JUN 09, 2012 - 08:14 AM
Tomasz, Very nice model of a tragic aircraft. Irekfm, good question. As a recovering rivet-counter and historical-only purist, I say both! For years the available reference material showed a limited number of verified color schemes and markings. Then, with the end of the Cold War and opening of archives, many strongly held preconceptions were shattered. We now have a seemingly endless supply of new revelations of paint colors and patterns. Some paint colors and patterns considered nonsense turned out to be accurate; some considered gospel turned out to be translation errors. In short, T think there is room for speculation and artistic license in our models. A plausible paint job and weathering is practical finish.
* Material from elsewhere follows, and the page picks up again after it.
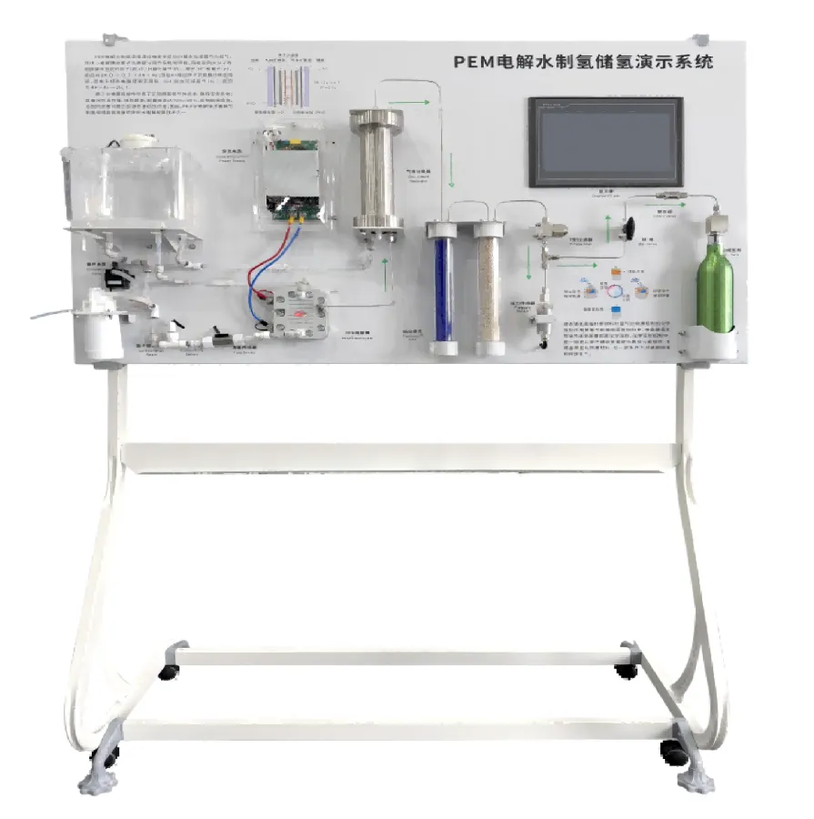 本系统是一款专为学校、科研机构设计的PEM(质子交换膜)电解水制氢储氢一体化教学演示装置,集成制氢、纯化、储氢全流程,直观展示可再生能源转化为绿氢的核心技术。系统基于PEM电解水技术原理,采用纯水电解,无碱液污染风险,安全可靠,适合实验室环境。通过模块化面板设计、可视化操作界面和实时数据监测,帮助学生深入理解氢能制备与存储的工艺流程,助力新能源、化学、工程等学科的教学与科研。

BTW, your SA-6 Gainful is magnificent!
JUN 09, 2012 - 11:39 AM
I agree with Frederick about the artistic licence aspect of our hobby. If we don't have some fun with "what-if?" now and then we'll risk being diagnosed with terminal Gastonitis. The horror, the horror! Jim
JUN 09, 2012 - 06:02 PM
Tnx for good word about Gainful! I think that "fun factor" is important, but sometimes I feel guilty;) That endless conflict: reality vs fun is sometimes really oppressive!
JUN 09, 2012 - 06:45 PM
Tomasz, perfect build! Could you please give more information on this technique: Very interested to find out about it!
JUN 12, 2012 - 12:41 AM
Not knowing that much about Japonesse aircraft, I ask this. Would the plane have been used in training to get the pilot experiance, and was it a concrete, dirt or coral airstrip. Would make a differance historicly and painting wise. Coral stips really stiped the paint from prop blast and tropical heat weakens the paint considerably. But no matter what the answer is, it is a real nice looking job on it.